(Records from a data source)
- - - - -

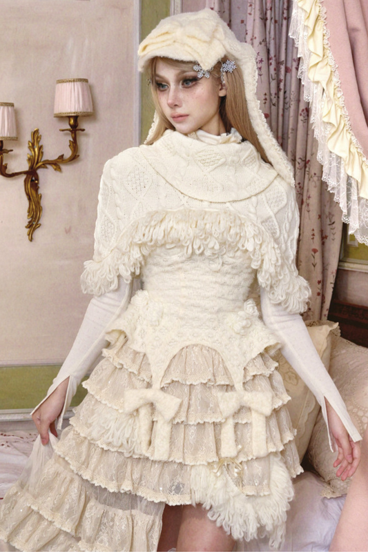 ベルベットベアフードケープ+トップス+サスペンダースカート+レッグカバー
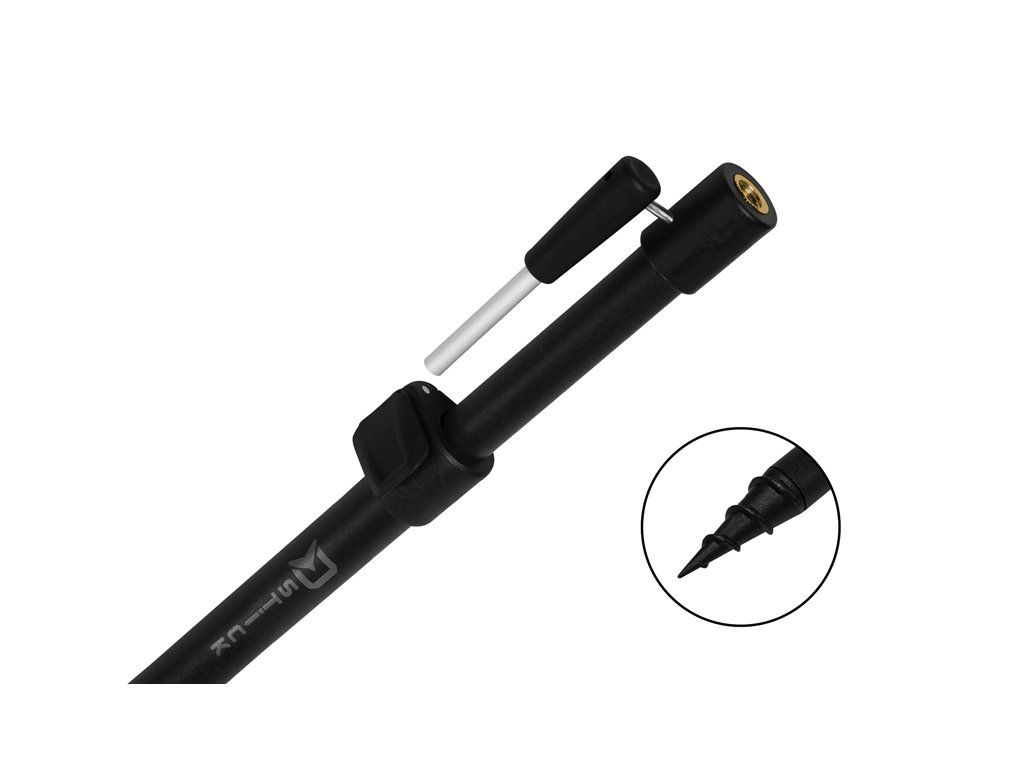 Delphin D-STICK je teleskopickou vidličkou se zavrtávacím hrotem. Už první pohled napoví o prémiovém vyhotovení tohoto robustního a přitom velmi lehkého produktu. Základ tvoří silnostěnné trubky s matnou černou povrchovou úpravou, které jsou velmi pevné a zajišťují vysokou životnost vidličky. Tento model přichází s inovovaným vysouvacím a zajišťovacím mechanismem a je vyroben z kvalitního ABS plastu. Přepracovali jsme ho a nyní je jednodušší na obsluhu a zároveň spolehlivě brání jakémukoliv samovolnému složení vidličky. Spodní část vidličky je osazena masivním a ostrým vrtákem, který dovoluje zavrtat vidličku i do tvrdších podkladů. Tento vrták je zajištěn kolíkem (nýtem), což je jeho obrovskou výhodou. Díky tomu už nehrozí, že by samotný vrták zůstal zalomený v půdě a vám by tak zůstala nefunkční vidlička! Jedná se totiž o výjimečně silný spoj. Ve vrchní části vidličky je upevněn držák, který se zasouvá do spodního dílu a slouží jako páka pro vyvinutí síly během zavrtávání vidličky do nepoddajného podkladu. Konec vrchního dílu vidličky je osazen masivním závitem pro upevnění koncovky, či elektronického signalizátoru záběru. Technické parametry: model 32-50cm: hmotnost 140g model 60-95cm: hmotnost 210g model 80-130cm: hmotnost 280g model 110-180cm: hmotnost 370gDoplňkové parametry
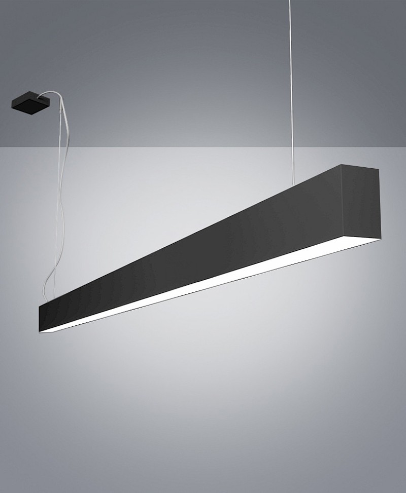 Lampada LED lineare a sospensione con emissione diretta ed indiretta per l’illuminazione tecnica ad elevata efficienza luminosa, emissione controllata e schermatura delle sorgenti.
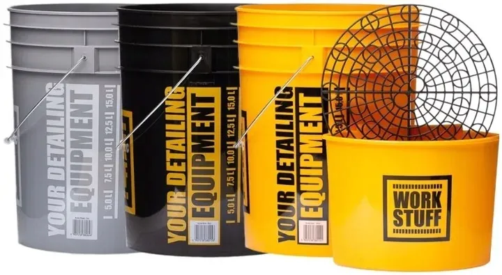 Ten wysokiej jakości zestaw wiader do mycia samochodu Work Stuff wyróżnia się nie tylko atrakcyjnym i ergonomicznym wyglądem, ale także wyjątkowymi funkcjami. Składa się z trzech wiader o pojemności 20L każde, przeznaczonych do różnych etapów mycia: WASH, RINSE i WHEELS, co zapewnia kompleksową i skuteczną pielęgnację Twojego samochodu.
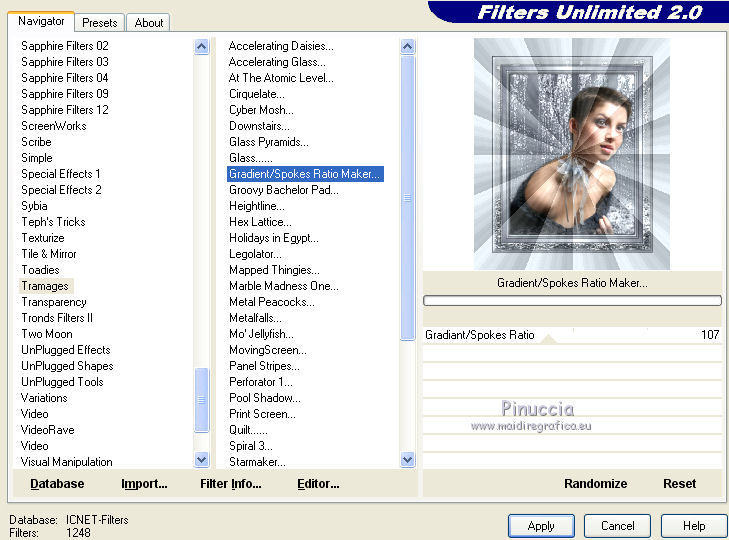 17. Effetti>Plugins>Filters Unlimited 2.0 - Tramages - Gradient spokes/ratio.
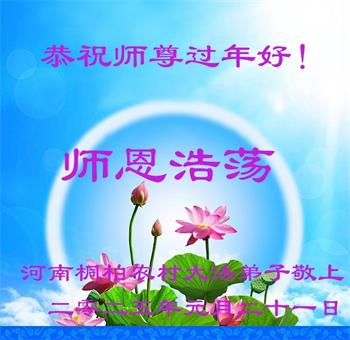 感恩师尊慈悲救度! 天津市武清区一乡村学法组全体大法弟子恭祝慈悲伟大的师尊新年快乐!
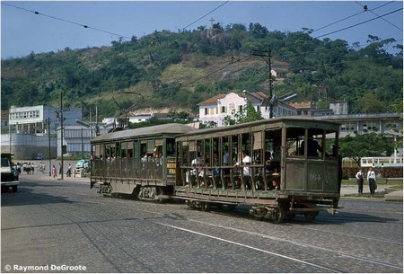Bonde 517 e trailer 164 no entroncamento São Gonçalo. As trilhas que entram na Rua Coronel Serrado quase não são visíveis sob a sombra à direita [Raymond DeGroote].

- - - - -

_Assigned task_.
Restate, word for word, each line from the one with "Ten wysokiej jakości" to the end of the entries, both included, and keep every picture out.

_Final answer_.
 Ten wysokiej jakości zestaw wiader do mycia samochodu Work Stuff wyróżnia się nie tylko atrakcyjnym i ergonomicznym wyglądem, ale także wyjątkowymi funkcjami. Składa się z trzech wiader o pojemności 20L każde, przeznaczonych do różnych etapów mycia: WASH, RINSE i WHEELS, co zapewnia kompleksową i skuteczną pielęgnację Twojego samochodu.
 17. Effetti>Plugins>Filters Unlimited 2.0 - Tramages - Gradient spokes/ratio.
 感恩师尊慈悲救度! 天津市武清区一乡村学法组全体大法弟子恭祝慈悲伟大的师尊新年快乐!
Bonde 517 e trailer 164 no entroncamento São Gonçalo. As trilhas que entram na Rua Coronel Serrado quase não são visíveis sob a sombra à direita [Raymond DeGroote].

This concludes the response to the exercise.